**MATERIALS PROVIDED:**

---------------

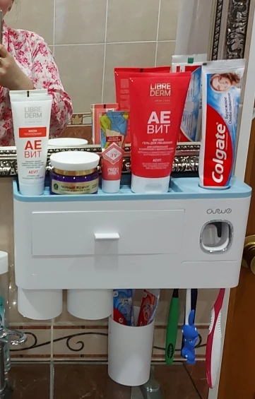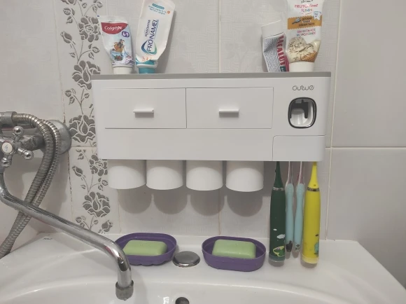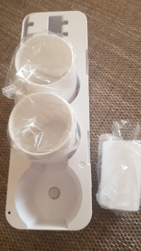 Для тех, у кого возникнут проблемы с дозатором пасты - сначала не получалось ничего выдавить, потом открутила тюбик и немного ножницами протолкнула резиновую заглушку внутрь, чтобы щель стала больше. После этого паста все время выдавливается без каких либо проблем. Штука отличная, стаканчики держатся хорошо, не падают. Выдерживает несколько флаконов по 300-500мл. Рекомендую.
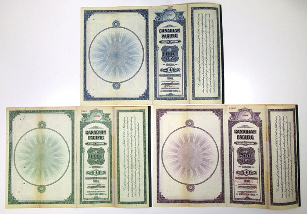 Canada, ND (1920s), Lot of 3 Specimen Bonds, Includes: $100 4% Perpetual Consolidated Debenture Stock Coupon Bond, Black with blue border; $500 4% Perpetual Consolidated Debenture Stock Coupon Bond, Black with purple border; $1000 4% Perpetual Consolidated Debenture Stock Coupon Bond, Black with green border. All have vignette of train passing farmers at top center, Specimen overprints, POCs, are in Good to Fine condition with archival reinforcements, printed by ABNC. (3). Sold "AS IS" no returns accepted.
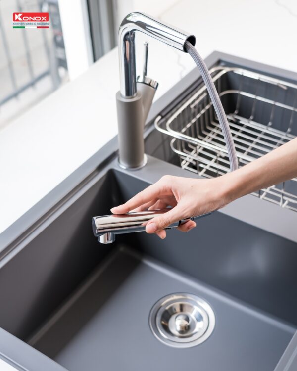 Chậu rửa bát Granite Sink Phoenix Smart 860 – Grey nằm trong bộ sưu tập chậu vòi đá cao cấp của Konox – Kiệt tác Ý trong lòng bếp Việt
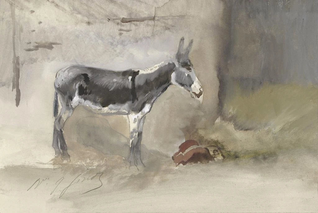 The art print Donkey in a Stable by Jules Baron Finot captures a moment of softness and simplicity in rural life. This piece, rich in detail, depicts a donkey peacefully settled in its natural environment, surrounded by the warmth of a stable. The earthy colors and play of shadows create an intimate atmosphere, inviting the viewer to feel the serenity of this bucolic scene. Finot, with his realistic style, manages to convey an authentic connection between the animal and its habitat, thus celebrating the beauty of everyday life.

---------------

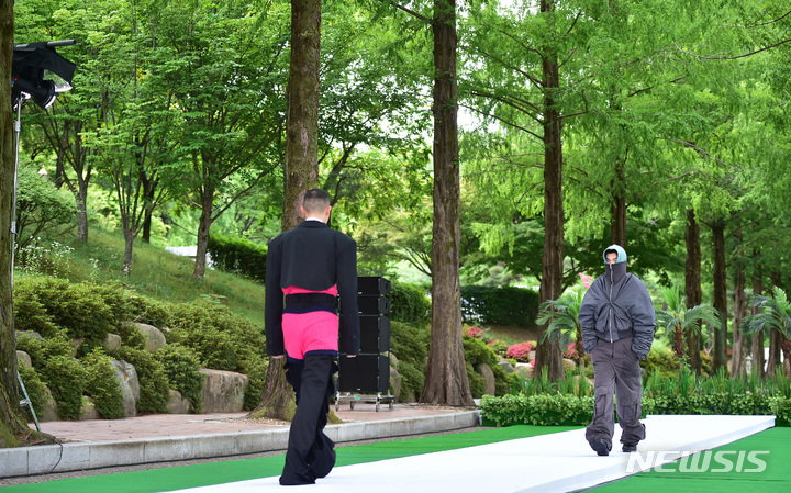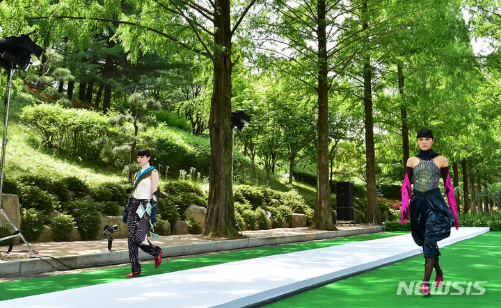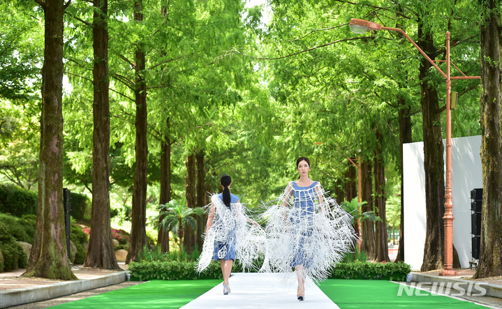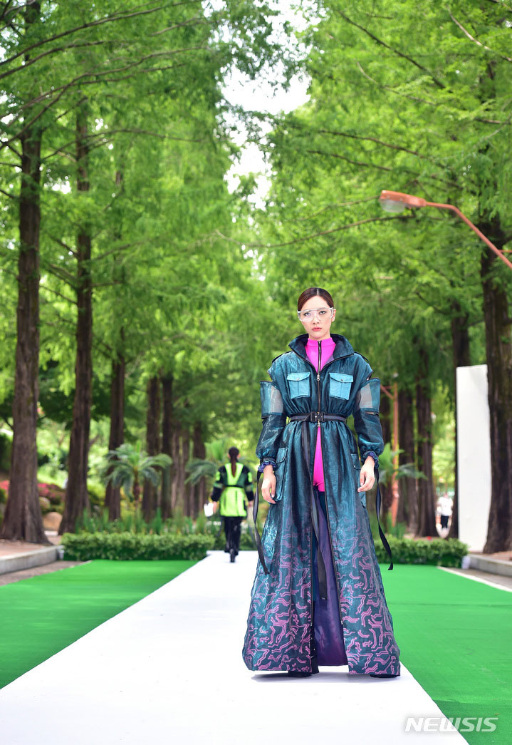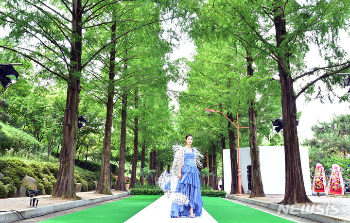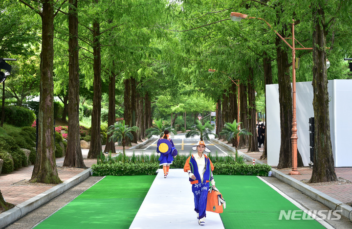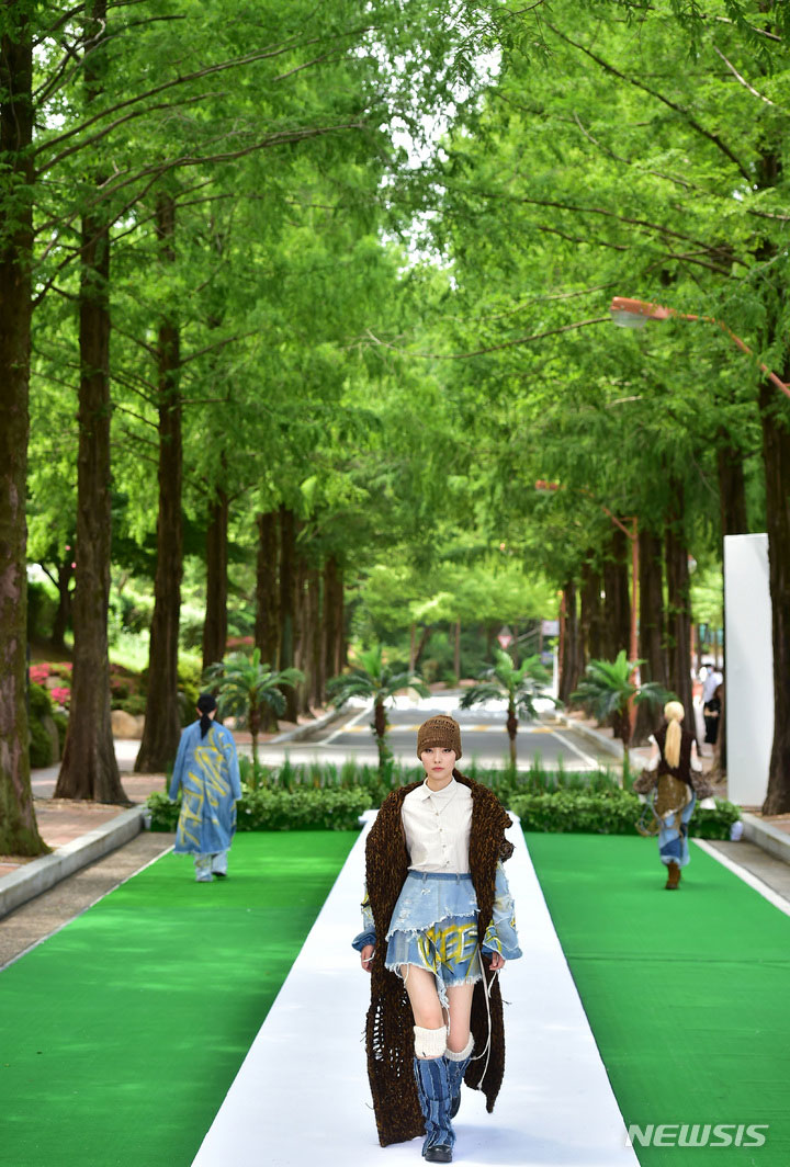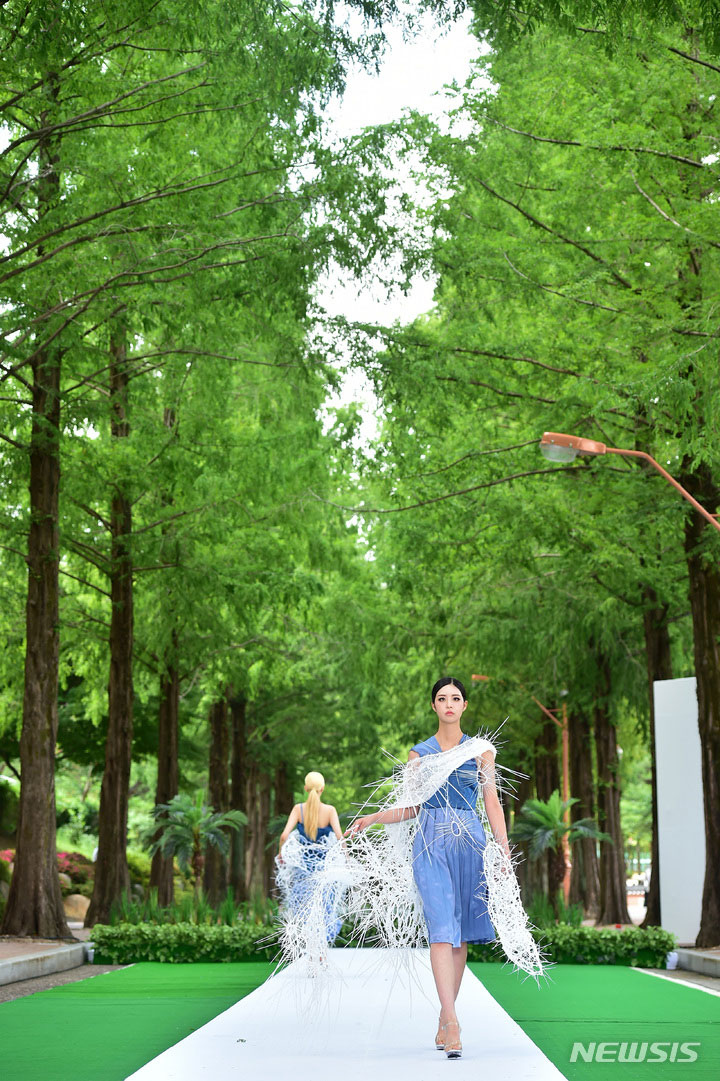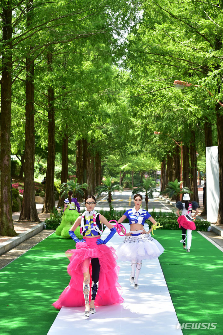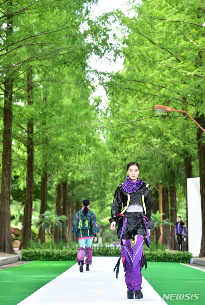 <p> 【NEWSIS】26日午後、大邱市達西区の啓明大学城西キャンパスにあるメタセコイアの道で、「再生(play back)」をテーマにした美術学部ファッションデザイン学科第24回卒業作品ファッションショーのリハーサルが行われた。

---------------

**WORK ITEM:** The lines to reproduce run from the one above containing "Для тех, у кого" through the one containing "Canada, ND (1920s), Lot". Copy them exactly and leave out all pictures.

**OUTPUT OF THE EXERCISE:**
 Для тех, у кого возникнут проблемы с дозатором пасты - сначала не получалось ничего выдавить, потом открутила тюбик и немного ножницами протолкнула резиновую заглушку внутрь, чтобы щель стала больше. После этого паста все время выдавливается без каких либо проблем. Штука отличная, стаканчики держатся хорошо, не падают. Выдерживает несколько флаконов по 300-500мл. Рекомендую.
 Canada, ND (1920s), Lot of 3 Specimen Bonds, Includes: $100 4% Perpetual Consolidated Debenture Stock Coupon Bond, Black with blue border; $500 4% Perpetual Consolidated Debenture Stock Coupon Bond, Black with purple border; $1000 4% Perpetual Consolidated Debenture Stock Coupon Bond, Black with green border. All have vignette of train passing farmers at top center, Specimen overprints, POCs, are in Good to Fine condition with archival reinforcements, printed by ABNC. (3). Sold "AS IS" no returns accepted.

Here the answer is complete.